On 15.05.2018 17:27, Pat Rankin wrote:
> [...]
>
> There's been at least one report that failing to specify any hints file
> doesn't work any more even though it's supposed to be optional.
> (Something about the script's use of /dev/null as a placeholder and
> some system not liking the way that's being used by [ -f ]. I'm not
> sure of the details aside from the fact that whatever the issue is, it
> hasn't been fixed yet. I won't be surprised if cygwin is the system
> that has the problem.)
Well, the logic
if [ ! -f /dev/null ] ; then echo "no file" ; fi
will produce (with modern shells, on linux) "no file". That means that
using a default setup.sh call (i.e. without arguments) will always fail
due to the if-test that follows the case-statement. Relocating the if-
condition into the case branch might already fix that inherent problem.
case "x$1" in
x) hints=/dev/null
hfile=/dev/null
;;
*) hints=$prefix/$1
hfile=$1
if [ ! -f "$hints" ]; then
echo "Cannot find hints file $hfile"
exit 1
fi
;;
esac
Another option could be to check for the "/dev/null" special case in the
if-statement to prevent the exit in case the default is used.

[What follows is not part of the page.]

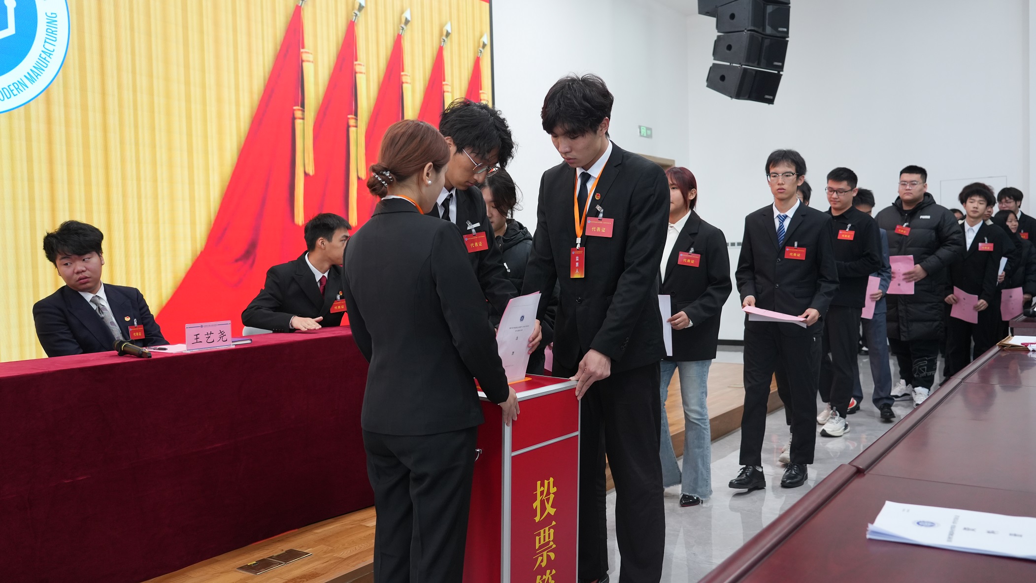 大会在激昂的团歌声中圆满闭幕。随后,新当选的主席团成员及常任代表在党建活动室召开第一次全体会议,标志着新一届学生会工作正式启航。

if [ ! -f "$hints" ] && [ "$hints" != "/dev/null" ]; then
echo "Cannot find hints file $hfile"
exit 1
fi
It seems that the mkmkfile.sh program will not mind a "/dev/null" being
passed as argument, although the awk calls
awk '/^#-POST/,/^#-PRE/{ \
if(index($0, "#-POST") == 1) print "# (new segment at source
line",NR,")"; \
if(index($0, "#-P") != 1) print}' $4 >> $3
(with $4 expanded to /dev/null) will not contribute any content then.
(Not sure if that's intended. I'm too lazy to dive into that.)